Ronnarong Thai Tapas Bar
255 Washington St., Somerville
617-625-9296
Open Monday-Thursday, 11:30 a.m.-10 p.m.; Friday-Saturday, 11:30 a.m.-10:30 p.m.
Major credit cards accepted
Handicapped accessible
For a decade, Great Thai Chef served food from a nondescript brick corner on the edge of Union Square, getting decent reviews but never much attention. Then, last year, the owner and chef, Ronnarong Saksua, renovated the interior of the restaurant, softening the room with green walls, a sleek new bar, and bright pillows. He also remade the menu, adding a series of intriguing Thai “tapas,’’ included glorified beef jerky, and new entrees.
The result is the renamed Ronnarong Thai Tapas Bar, with a menu that’s both playful and adroit. Although you can order many of the traditional dishes that often show up in American Thai restaurants - pad thai, pad se-u, tom yum, curries - you might also be surprised. The most interesting dishes are on the tapas menu, where everything costs $5, an economical way to eat.
Dining here, you get the idea that Saksua and his staff have paid attention to the details. While we looked at the menu, our waitress brought a bowl of complimentary round shrimp crackers. The tapas are served on crisp white dishes, each one adorned with a flower carved from a carrot and embellished with red cabbage and other vegetables.
Golden crowns ($5) are mild little treats, dainty rice-flour shells with scalloped edges, filled with minced chicken and shrimp, peas, and corn.

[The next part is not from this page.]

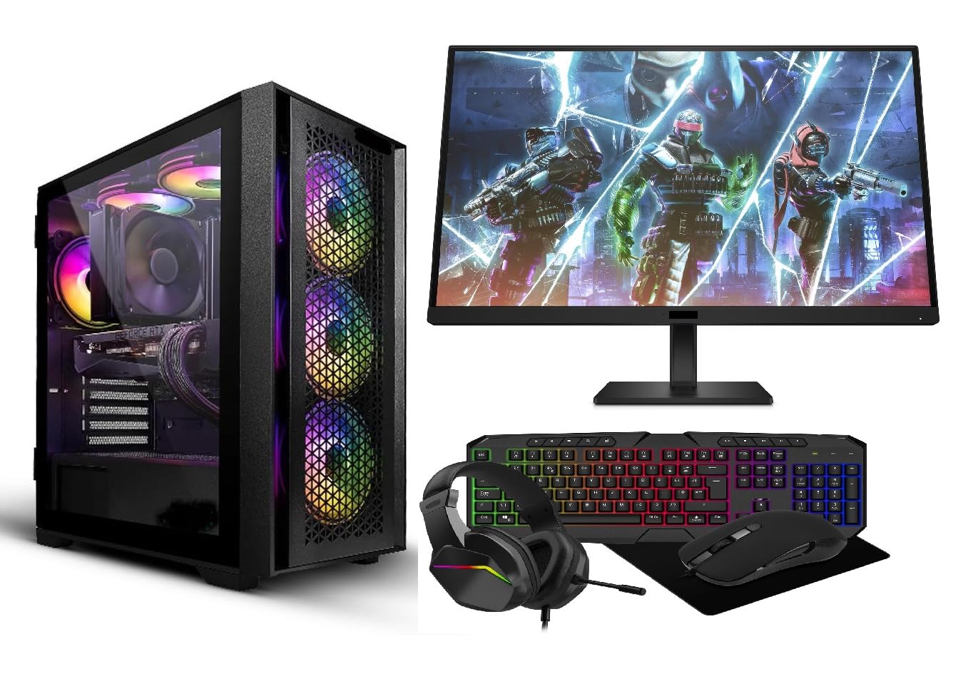 Budget Gaming PC 22″ Bundle Intel Core i5, 16GB Ram, 128Gb SSD + 1TB HDD. Windows 10, GT730 Graphics, WiFi, 6 Fan RGB Gaming Case, 22″ Monitor, Gaming Keyboard and Mouse

Paradise beef ($5), a Slim Jim with a higher calling, manages to be both tender and dried, sweet and spicy. The dish is unusual enough that you want to keep tasting. The tom yum soup ($3), whose firepower was one-star, sent us gasping for water - and fearing dishes with two and three stars.
Saksua is not shy with spice, although you can request milder versions of some dishes. We ordered a less spicy version of duck choo chee ($12) - a two-star dish - and were impressed with the tender pieces of duck. Pad thai ($9) is disappointingly sweet, with almost no tanginess to balance the flavor. But the chicken is tender, and the shrimp nicely cooked.

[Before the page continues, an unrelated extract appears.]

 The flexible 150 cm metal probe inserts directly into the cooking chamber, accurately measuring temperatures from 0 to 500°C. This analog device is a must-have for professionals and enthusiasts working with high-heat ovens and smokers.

Drunken chicken ($11) is spicy, as promised, and the tiny pieces of diced chicken ooze with the garlicky sauce. Although the spicy beef salad ($12) is rated two-star hot, it doesn’t live up to that fiery factor. The combination of beef and lime dressing is wonderful, although Ronnarong’s salad, with red onions and scallions served on a bed of lettuce, doesn’t have as many vegetables as other versions of this dish.
Ronnarong has paid great attention to its drink menu, both alcoholic and temperate. The homemade sodas ($3) - basil, ginger, lemongrass, chili - are addictive, and the flavors can be combined for interesting mixes. We tried the lemongrass, tangy and sweet. The drinks from the bar are playful: a Thai-mosa (with guava, tamarind, and sparkling wine) and a Thai sangria that includes sake and lemongrass.

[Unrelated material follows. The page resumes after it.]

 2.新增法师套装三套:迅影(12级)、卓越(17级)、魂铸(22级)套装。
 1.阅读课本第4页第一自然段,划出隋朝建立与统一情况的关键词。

From the outside, a brick cube on a corner in Union Square, Ronnarong could be a dentist’s office. But inside, the restaurant has been renovated into a cheery room with an el-shaped bar on one side, a row of tables along the other. Behind the tables, stretching the length of the restaurant, a wooden bench has been built into the wall and studded with pillows. The tables are close enough that they almost feel communal.
The menus are works of art, heavy covers studded with hand-carved elephants and trees. Even the bathroom walls are intriguing, decoupaged with lush photos of Thailand: elephants and monkeys, beaches and dramatic rock falls. Especially in the glare of winter’s approach, all of this - the food, the pictures, the cheerful restaurant - makes you want to immediately book a flight to Bangkok.